Despite its objectives some members of Congress and the Reagan administration opposed the Mental Health Systems Act due to doubts about the government's role in funding and supervising mental health services.

== Repeal of most of the provisions in 1981 ==
The Omnibus Budget Reconciliation Act of 1981, passed by a Democratic-controlled House of Representatives and a Republican-controlled Senate, and signed by President Ronald Reagan on August 13, 1981, combined funding for social service programs, including mental health services, into a single grant given to states. Supporters believed this approach gave states flexibility and independence. Critics feared it would result in reduced funding for mental health services and go against the community mental health movements objectives. The repeal occurred within the broader context of shifting political ideologies and priorities in the United States, following the election of President Ronald Reagan in 1980. Reagan advocated for smaller government, reduced federal spending, and greater emphasis on states' rights and local control. With a focus on government decreased spending and promoting states rights and local governance there was a reevaluation of federal involvement and financing in areas, like mental health. It included provisions that repealed most of the MHSA, discontinuing federal funding and the support for community mental health centers established under the MHSA. OBRA redirected mental health funding mechanisms and transferred more responsibility for mental health services to the states, reducing significantly federal funding for mental health programs. The repeal of most provisions of the MHSA in 1981 reflected broader shifts in political priorities, budgetary constraints, and changing attitudes toward federal involvement in mental health policy and funding. It was primarily driven by several reasons and circumstances.

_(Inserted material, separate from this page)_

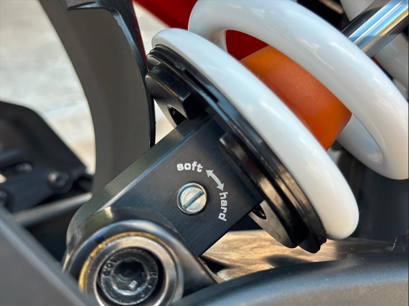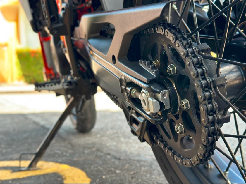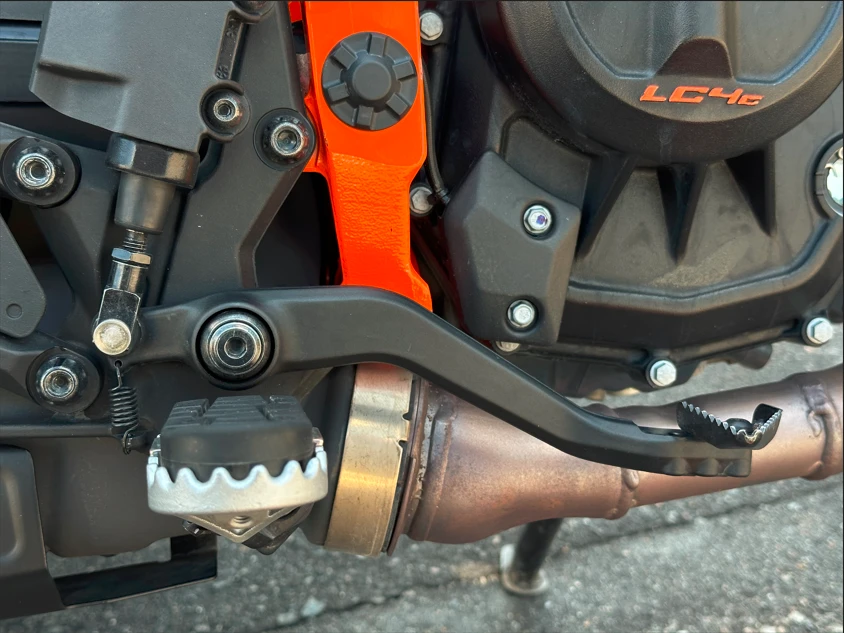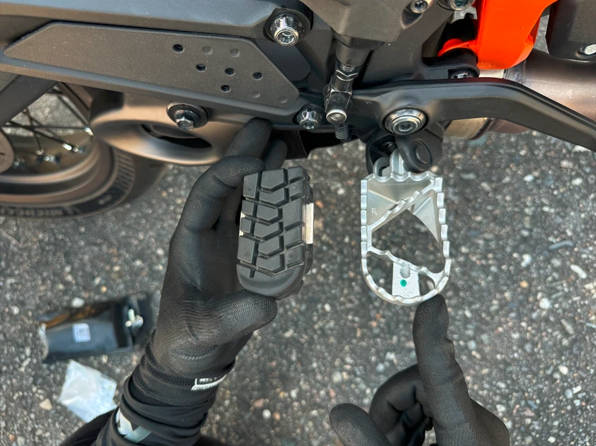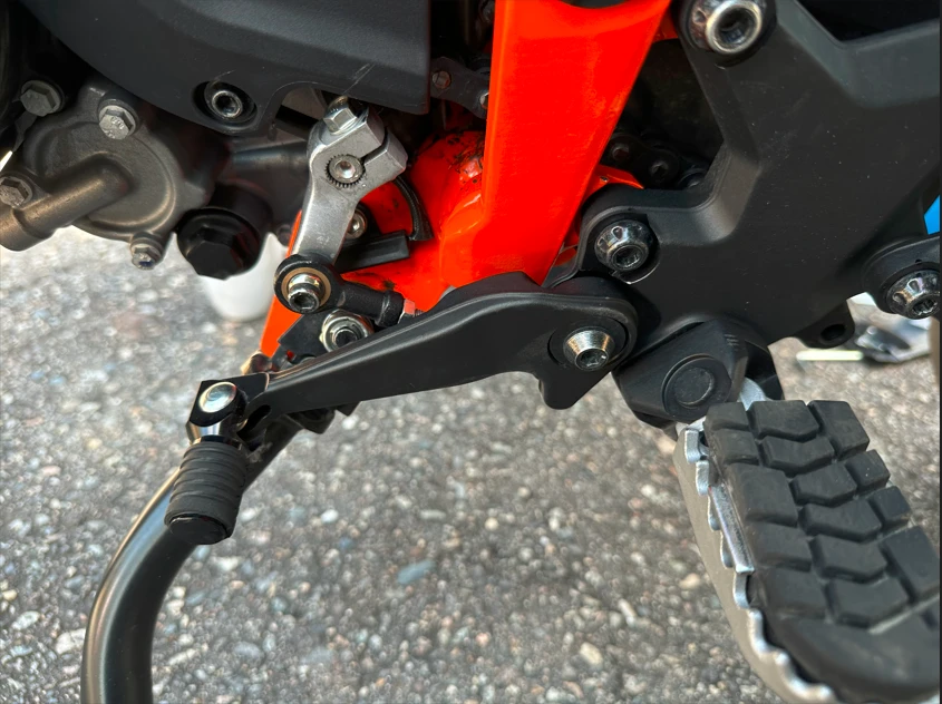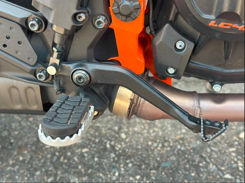 Los posa pies son de gran agarre, lo percibimos, estos garantizan que los pilotos tengan un punto de apoyo ininterrumpido al cambiar de marchas o al trazar curvas cerradas. También son ajustables en dos posiciones.

=== Consequences of the repeal ===
Undoubtedly the repeal of the Mental Health Systems Act had an effect on the health system in America. The Mental Health Systems Act of 1980 was an initiative aimed at enhancing and broadening community based health services across the country. Yet its influence was brief as it was only in effect for 10 months. Changes in politics during the 1980s resulted in its removal and a notable decrease in government backing for health programs. Though the objectives of the community mental health initiative are still applicable today, the difficulties in obtaining funding and assistance for health services persist as a significant issue. The Mental Health Systems Act was supported by advocates of community-based care and mental health policy reform, including First Lady Rosalynn Carter, who contributed to the policy’s development through her work on the President’s Commission on Mental Health. The Act placed a strong emphasis on patient rights and service accessibility while attempting to incorporate mental health into larger public health planning. The 1981 repeal, which was implemented through the Omnibus Budget Reconciliation Act of 1981, stopped federal funding and programs associated with the MHSA and gave states more authority. According to analysts, the decrease in federal participation increased persistent difficulties in ensuring uniform financing, coordination, and availability of mental health services across the country.